Go to the first, previous, next, last section, table of contents.

25 Tools

A number of basic data manipulation tools are supported by Festival. These often make building new modules very easy and are already used in many of the existing modules. They typically offer a Scheme method for entering data, and Scheme and C++ functions for evaluating it.

25.1 Regular expressions

Regular expressions are a formal method for describing a certain class of mathematical languages. They may be viewed as patterns which match some set of strings. They are very common in many software tools such as scripting languages like the UNIX shell, PERL, awk, Emacs etc. Unfortunately the exact form of regualr expressions often differs slightly between different applications making their use often a little tricky.

Festival support regular expressions based mainly of the form used in the GNU libg++ Regex class, though we have our own implementation of it. Our implementation (EST_Regex) is actually based on Henry Spencer's `regex.c' as distributed with BSD 4.4.

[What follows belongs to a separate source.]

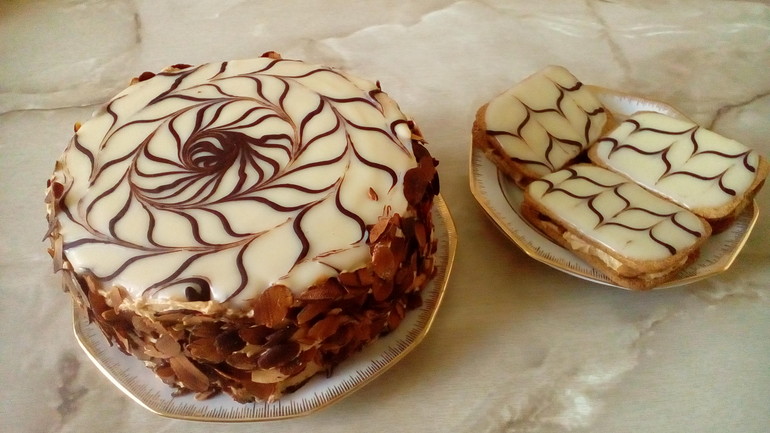 Это мой первый опыт. Училась тут у опытного кондитера. Наверное сама бы не смогла такое приготовить. А на мастер-классе все так хорошо объяснили, рецепт дали. Буду теперь сама пробовать дома

Regular expressions are represented as character strings which are interpreted as regular expressions by certain Scheme and C++ functions. Most characters in a regular expression are treated as literals and match only that character but a number of others have special meaning. Some characters may be escaped with preceeding backslashes to change them from operators to literals (or sometime literals to operators).

.: Matches any character.
$: matches end of string
^: matches beginning of string
X*: matches zero or more occurrences of X, X may be a character, range of parenthesized expression.
X+: matches one or more occurrences of X, X may be a character, range of parenthesized expression.
X?: matches zero or one occurrence of X, X may be a character, range of parenthesized expression.
[...]: a ranges matches an of the values in the brackets. The range operator "-" allows specification of ranges e.g. a-z for all lower case characters. If the first character of the range is ^ then it matches anything character except those specificed in the range. If you wish - to be in the range you must put that first.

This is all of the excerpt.